Start of DATA EXTRACT

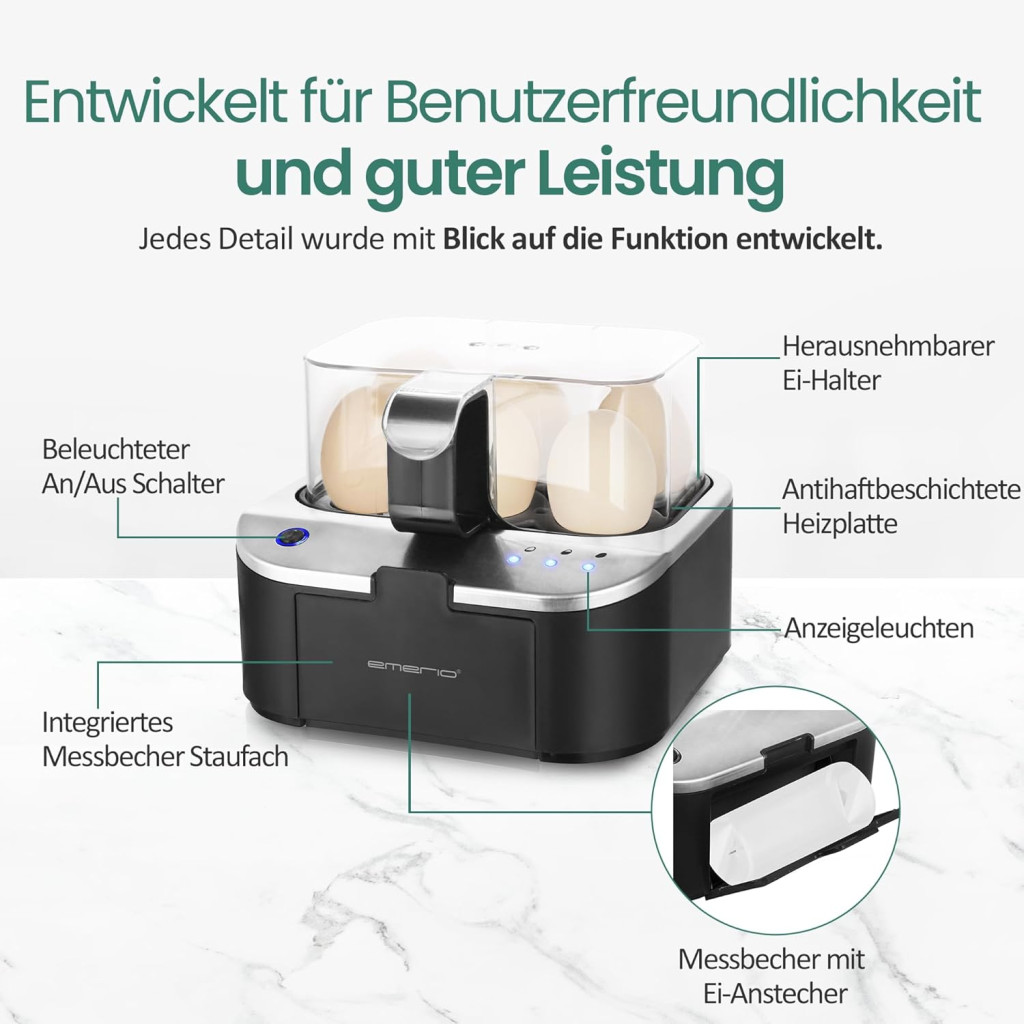 A svájci dizájn és a német hangkimenet kombinációja ezt a terméket igazán különlegessé teszi. Az EMERIO márkáról ismert, hogy kiváló minőségű elektromos készülékeket kínál ésszerű áron. Ez a tojásfőző pedig a 2021-es év terméke lett, amit a szakmai konyhai és háztartási magazin ítélt oda.
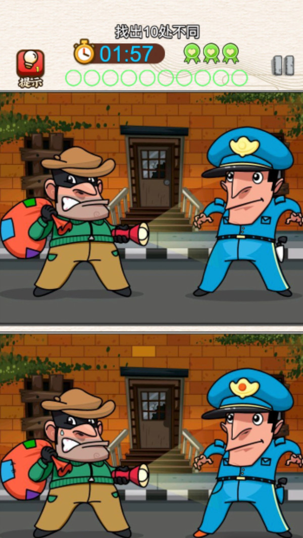 这是一款高度考验观察能力与细节敏感度的双图对比类游戏。玩家需在两幅构图几乎完全一致的画面中,快速识别出若干处细微差异。关卡数量丰富,难度梯度合理,从入门级到高阶挑战层层递进。画面色彩明快、节奏轻快,配合清脆音效,营造出沉浸式寻错体验。每一次成功定位差异,都带来即时正向反馈,有效提升持续专注力与视觉分辨力。
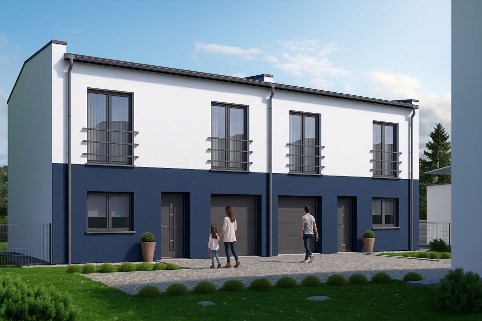 Zapraszamy do zapoznania się z ofertą 5-pokojowego domu w zabudowie bliźniaczej, składającego się z pokoju dziennego z aneksem kuchennym, czterech
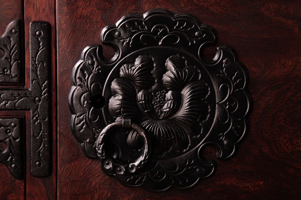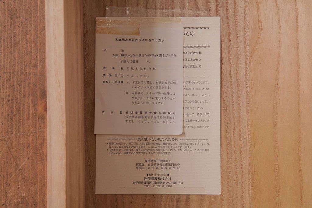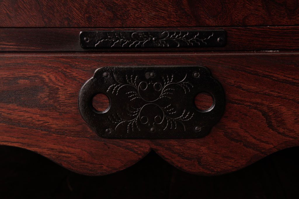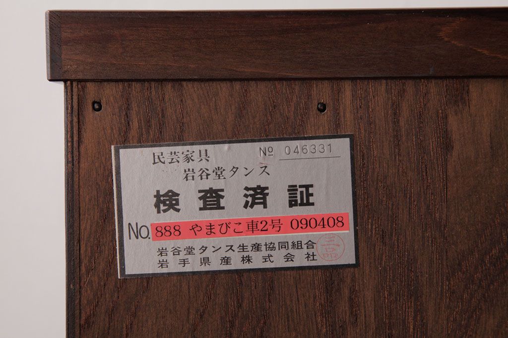 民芸家具 > 中古 伝統民芸家具 岩谷堂箪笥 厚みのある金具が立派な威厳のある車箪笥(小箪笥、チェスト)

End of DATA EXTRACT

*WHAT YOU SHOULD DO*:
The lines above must be transcribed exactly, with every picture left out.

*RESPONSE TO THIS TASK*:
 A svájci dizájn és a német hangkimenet kombinációja ezt a terméket igazán különlegessé teszi. Az EMERIO márkáról ismert, hogy kiváló minőségű elektromos készülékeket kínál ésszerű áron. Ez a tojásfőző pedig a 2021-es év terméke lett, amit a szakmai konyhai és háztartási magazin ítélt oda.
 这是一款高度考验观察能力与细节敏感度的双图对比类游戏。玩家需在两幅构图几乎完全一致的画面中,快速识别出若干处细微差异。关卡数量丰富,难度梯度合理,从入门级到高阶挑战层层递进。画面色彩明快、节奏轻快,配合清脆音效,营造出沉浸式寻错体验。每一次成功定位差异,都带来即时正向反馈,有效提升持续专注力与视觉分辨力。
 Zapraszamy do zapoznania się z ofertą 5-pokojowego domu w zabudowie bliźniaczej, składającego się z pokoju dziennego z aneksem kuchennym, czterech
 民芸家具 > 中古 伝統民芸家具 岩谷堂箪笥 厚みのある金具が立派な威厳のある車箪笥(小箪笥、チェスト)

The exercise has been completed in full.